1960‘lı yılların sonlarıydı herhalde, çocukların sokaklarda oynadığı, insanın insandan korkmadığı yıllar, komşuluk diye bir kavramın olduğu yıllardı. Denizin uzaklara itilmediği, şehir kulübünün altına usulca sokulduğu, bandırmanın dedikodularını dinlediği yıllardı. Yaşadığım mahallede hiç mi hiç yaşıtım kız çocuğu yoktu. Yaşıtlarım hep erkekti,  dolayısıyla da kız arkadaşımın olmaması normaldi.  Bu yüzden mahallenin futbol takımının bir elemanı, cicoz oyununda kullik ekibinin en iyisiydim. Tam bir erkek çocuğuydum. Çamura çivi saplamada üzerime yoktu. Kirli, çamurlu olmak onur verirdi bana. Bana verirdi de annemin bu konuda neler düşündüğünü yazmasam da olur, terlik fırlatma muhabbetlerine ise hiç girmeye gerek yok.

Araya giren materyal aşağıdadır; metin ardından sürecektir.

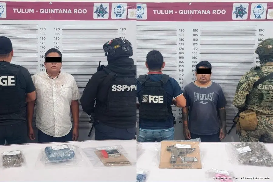 Tulum, Quintana Roo, 5 de febrero de 2026.- Por su presunta relación en hechos posiblemente constitutivos de delitos contra la salud en su modalidad de narcomenudeo, agentes de la Fiscalía General del Estado, Secretaría de la Defensa Nacional y Policía Municipal, detuvieron en flagrancia a dos masculinos, a quienes le aseguraron presuntos estupefacientes y un arma de fuego, en este municipio.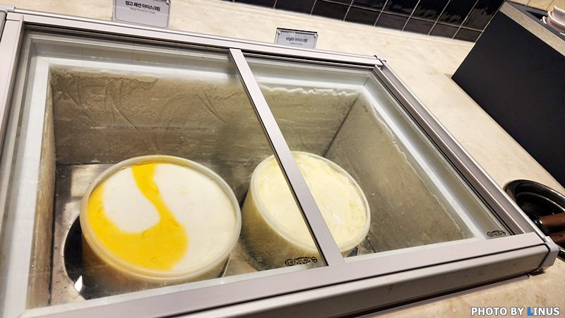 디저트 아이스크림이 보인다. 망고 아이스크림, 레몬 소르베인듯.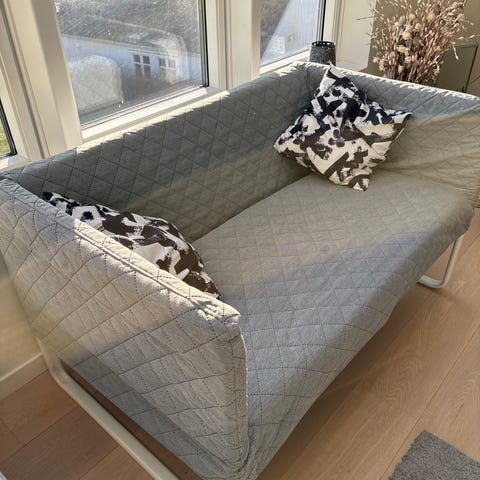IKEA sofa i lys farge. To seter med puter.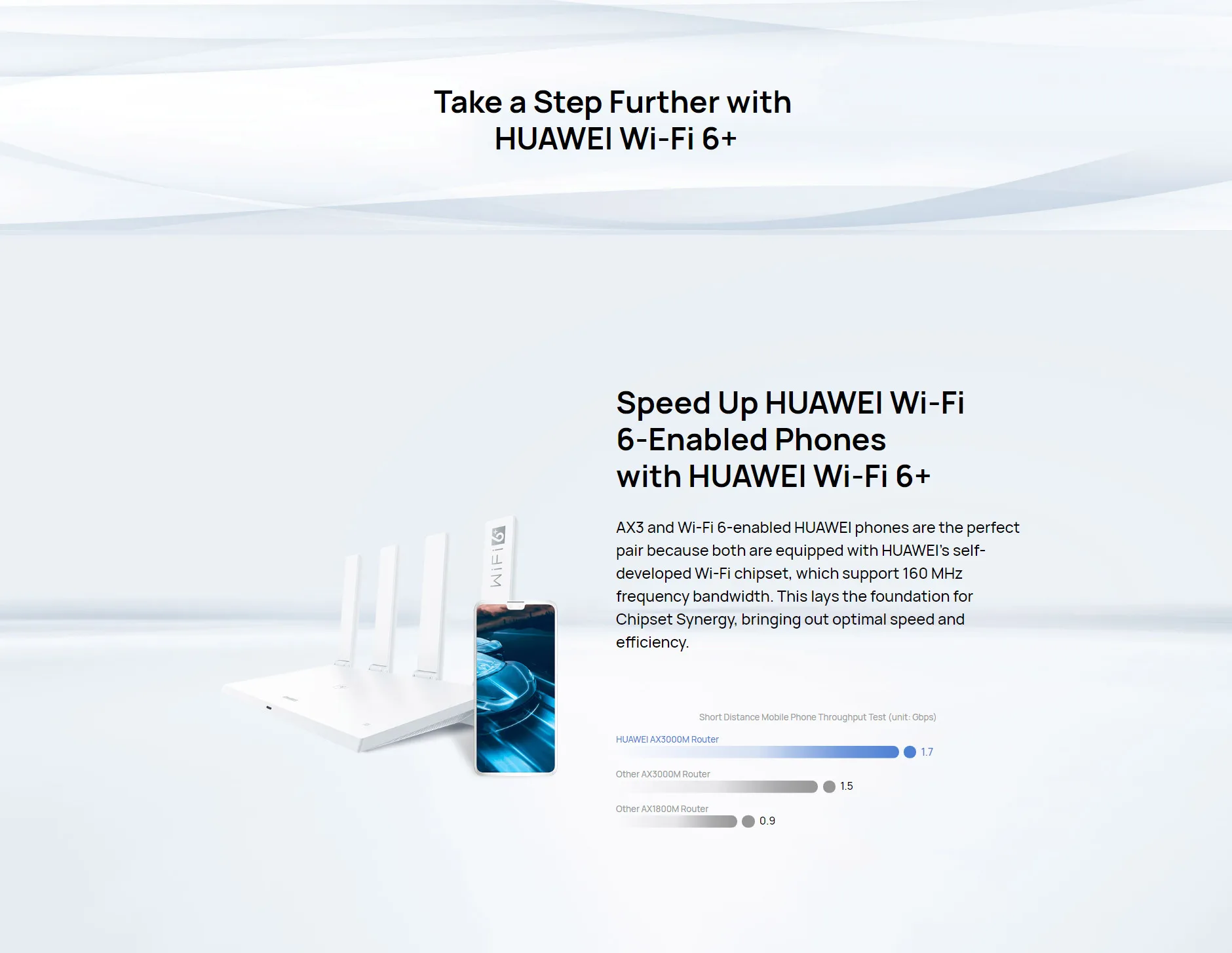 AX3 и Wi-Fi 6 с поддержкой телефонов HUAWEI являются идеальным, потому что оба оснащены HUAWEI собственной разработки Wi-Fi чипсет, которые поддерживают 160 МГц полосы частот. Это закладывает основу для сочетания чипсет, обеспечивая оптимальную скорость и эффективность.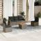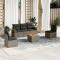 Salon de jardin 6 pcs avec coussins gris résine tresséeCet ensemble de canapés de jardin est le complément parfait de votre arrière-cour, terrasse ou patio, offrant un espace confortable et accueillant pour discuter avec la famille et les amis ou simplement se détendre et profiter de l'extérieur. Matériau durable : la résine tressée, également connue sous le nom de poly rotin, est un matériau synthétique solide et nécessitant peu d'entretien qui ressemble au rotin naturel. Il est léger, facile à nettoyer et couramment utilisé pour les meubles d'extérieur en raison de sa durabilité et de ses propriétés de résistance aux intempéries.Fonction de rangement avec sac résistant à l'eau : chaque siège de jardin dispose d'un espace de rangement sous l'assise, complété par un sac résistant à l'eau pour ranger les coussins, les jouets et d'autres objets. Les sacs intérieurs sont dotés d'un couvercle et peuvent être solidement fixés aux sièges à l'aide de bandes auto-agrippantes pour plus de stabilité.Dessus stable et facile à nettoyer : cette table de jardin a un dessus en bois d'acacia robuste, durable et facile à nettoyer avec un chiffon humide.Table d'appoint pratique : ce mobilier d'extérieur comprend des tables d'appoint pliables avec un ressort à gaz sur les accoudoirs, offrant des endroits pratiques pour garder vos essentiels à portée de main.Conception modulaire : cet ensemble de meubles d'extérieur a une conception modulaire, ce qui le rend complètement flexible et facile à déplacer, afin que vous puissiez créer un agencement de meubles d'extérieur personnalisé. Bon à savoir :Pour que vos meubles d'extérieur restent beaux, nous vous recommandons de les protéger avec une housse imperméable.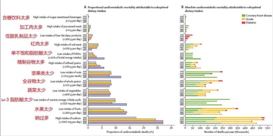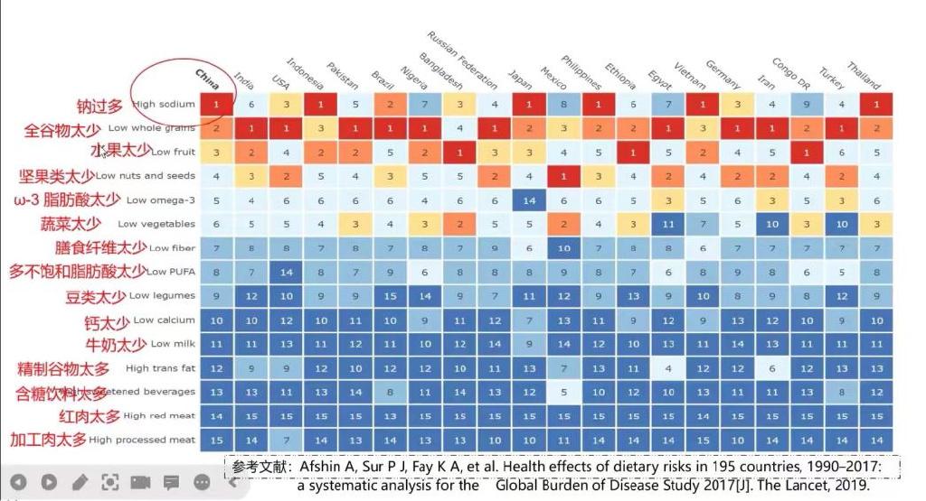 丁钢强所长团队发表在柳叶刀子刊上的一篇文章表明,以心血管疾病的死亡作为我们中国人膳食影响因素的一个终局来看,我国居民的钠摄入过多,水果、ω-3脂肪酸、蔬菜、全谷物太少是其中非常重要的原因。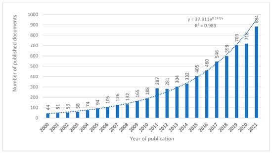 Biomass as a biofuel is currently an interesting topic for scientific researchers. The number of scientific articles in many fields has increased exponentially in recent years, directly affecting the changing behavior of scientific research []. Moreover, a possible conclusion is that the increase of documents reveals the change in terms of scientific knowledge in a particular field. Moreover, the rising number of publications is indicative of the rise in the level of importance of a specific area.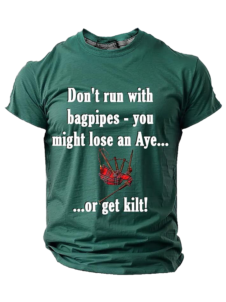 Men's Shamrock Don't Run With Bagpipes-you Might Lose An Aye Or Get Kilt Irish T Shirt Graphic T-shirt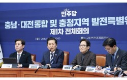 대전·충남 행정통합 논의에 속도가 붙으면서 통합단체장을 노리는 주자들의 움직임도 바빠지고 있다. 일부 주자는 출마 선언을 하거나 대전과 충남을 오가며 얼굴을 알리기 위해 애쓰는 모습이다. 정청래 더불어민주당 대표(왼쪽 둘째)가 지난해 12월 24일 오전 국회에서 열린 …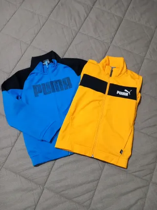 Set di due felpe Puma per bambino, taglia 7/8 anni. Una felpa è blu con logo Puma nero stampato, l'altra è gialla con banda nera e logo Puma bianco. - Felpa gialla con banda nera sul petto. - Logo Puma su entrambe le felpe.

Benim bilyelerim hep en güzeldi. Hatta eniştem havacı astsubay olduğu için, bana hava üssünden büyük, parlak metal gerçek bilyeler getirirdi de, acayip hava atardım onlarla mahallede.

Futbol da da öyleydim gerçekten. Hatta Bandırma’nın yetiştirdiği futbolculardan Seracettin ağabey de bizim mahallede oturuyordu. Biz çocukları da futbol maçı yaparken camından seyrederdi.  Ve bana seslenirdi:

-Kız, gel seni Fenerbahçe’ye transfer edelim, erkeklerden daha iyi oynuyorsun sen, diye takılırdı.

Ben altta kalır mıyım:

-Sen önce kendin git fener’e de, sonra beni alırsın, derdim, pabuç kadar dilimle.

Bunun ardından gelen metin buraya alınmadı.